#### Archive

Category Archives for "Machine Learning Methods"

## Difference in Difference Estimation [Notes]

Difference in Difference estimation is a linear regression methodology used to analyse the effect of some event in time (the treatment) by comparing results over time. The idea is to compare data before and after the treatment. If the treatment was effective then you will find material differences in the outcomes for the target variable, or Y.

Before and After. This is a basic comparison of means for the time periods before and after treatment. For this specification we assume the target (Y) in the post-treatment period is equal to the target (Y) in the pre-treatment period in the absence of treatment. Thus, any change is attributable to the treatment.

Difference in Difference estimation is the natural extension of the before and after analysis is to include a control group for comparison. The difference in difference specification allows us to do this. We can compare Y as we did for the before and after analysis. We can also compare Ys between treated and untreated groups. To complete a difference in difference specification we use two dummy variables that partition the sample into four groups. The first dummy variable, treatment, partitions the sample in two halves based on their treatment status. The second dummy variable, post, partitions the halves in quarters based on the time period.

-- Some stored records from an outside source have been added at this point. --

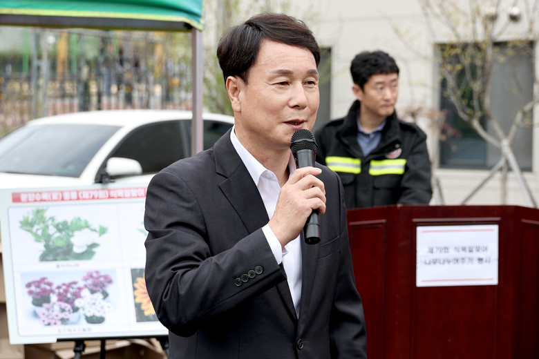 [대전 세계타임즈=이채봉 기자] 대전시의회 이상래 의장은 4일 동구 성남동 다목적체육관에서 열린‘동구 제79회 식목일 맞이 나무 나누어주기 행사’에 참석해 박희조 동구청장과 인사를 나누고, 관계자들을 격려했다.
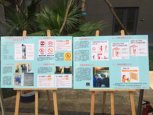 演练前,锦东庭园项目部在小区内以展板的形式进行了防火防盗、电梯安全、消防安全知识宣传,并通过设置业主留言板、发放消防宣传单、放映电梯安全知识宣传视频等方式积极引导业主参与到安全防范工作中来,营造了良好的活动氛围。本次演练共进行了治安防范、电梯困人、防汛处置和消防灭火四项内容。演练中,参与人员反应迅速,操作规范,动作标准,业主参与度高,反映良好。
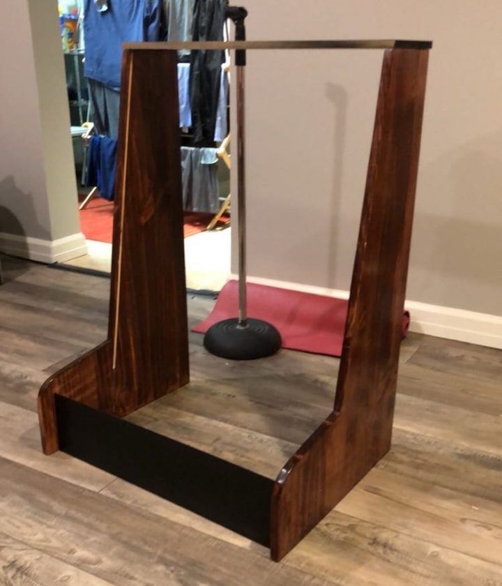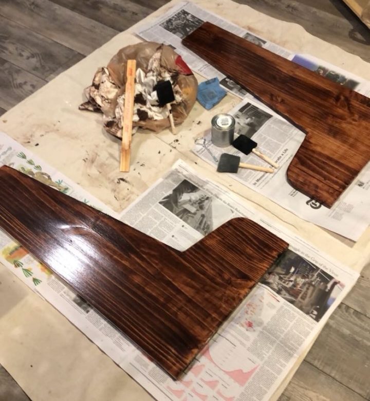 Next, I painted the MDF pieces black and stained the pine pieces with a Mahogany color before coating them in polyurethane for a glossy finish.
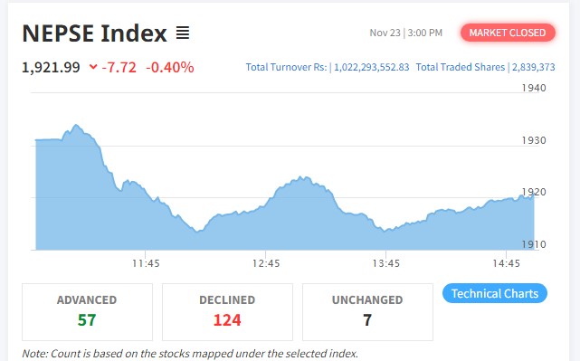 शेयरबजारमा देखिएन रौनक, नेप्से ७ अंकले घट्दा कारोबार सन्तोषजनक

We then interact treatment and post (Post*Treatment); the coefficient on Post*Treatment estimates the statistical difference in Y.

​The Model:

Y = B0 + B1*Post + B2*Treatment + B3*Post*Treatment.

• Y, is the target variable we are interested in estimating.
• Post, is a binary dummy variable indicating whether an observation is in the post treatment period.
• Treatment, is a binary dummy variable indicating whether an received treatment or not.
• B3 is the estimator, the coefficient on Post*Treatment.